If you are interested in learning how to automate Google Forms submission then navigate over to Yechiel's excellent post:

In this post I will share how I automated the submission process for our school system, which uses a custom website.

tl;dr You can find the code for this application on GitHub with instructions on how to use it.

For a successful submission of the daily school form my app needed to:

  • Log in to the site with my username and password
  • Check two HTML checkboxes
  • Draw on an HTML5 Canvas element
  • Press the "Submit" button
  • Account for each child in my list and repeat each action for each child
  • Skip a child in the list if their form had already been submitted
  • Give me some feedback if the submission was successful or tell me if something went wrong

This is what the form looks like for each child:

Health Form Screenshot

To solve this problem I used Watir, which is a Ruby gem that lets your application interact with a web browser the way a person would interact with it. Watir enables you to click on links, fill out forms, submit them and more.

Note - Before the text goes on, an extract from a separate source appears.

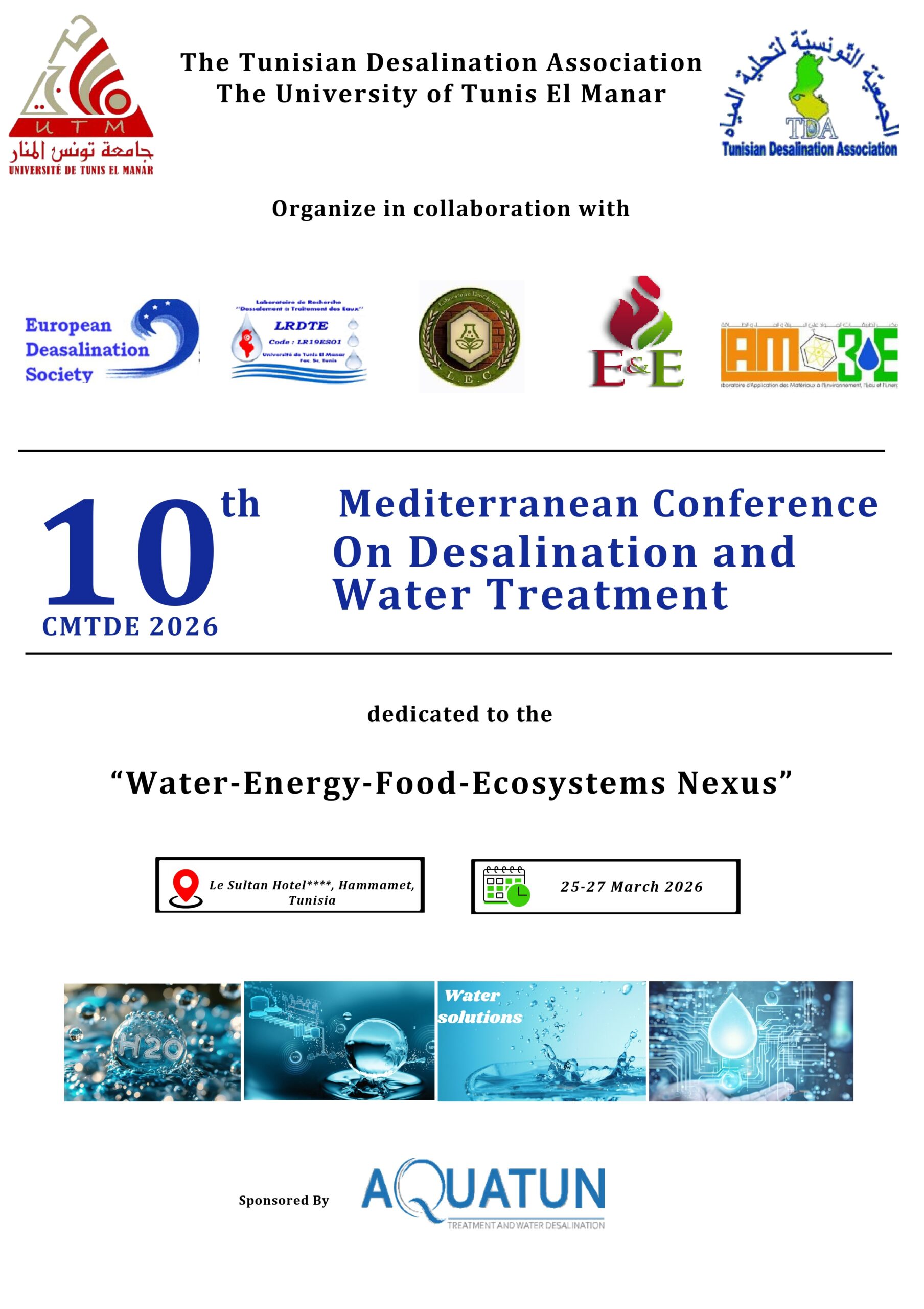 CMTDE 2026 Edition dedicated to: “ Water-Energy-Food-Ecosystems Nexus” from 25 to 27 March 2026, Hammamet
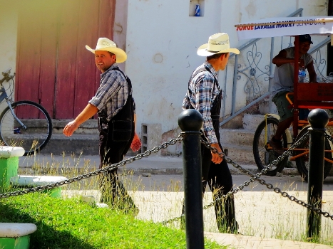 Wir fahren über Hopelchen … hier fallen die „Blonden“ in ihren Latzhosen und Jipijapa-Hüten sofort auf. Die Frauen sieht man eher selten … sie tragen dunkle, lange Röcke und Kleider … gehen nicht so gerne einkaufen wie ihre Männer.

I added the three following gems to my Gemfile, which is where you list your application dependencies:

gem 'dotenv'
gem 'watir'
gem 'webdrivers'

I used the dotenv gem to help manage my environment variables in the application. Specifically, in order to not store my username and password in any public version control, I use environment variables for them and access the variables in the application.

Additionally, the webdrivers gem is used to make the Chrome Webdriver available, which simulates accessing a website in a Chrome browser.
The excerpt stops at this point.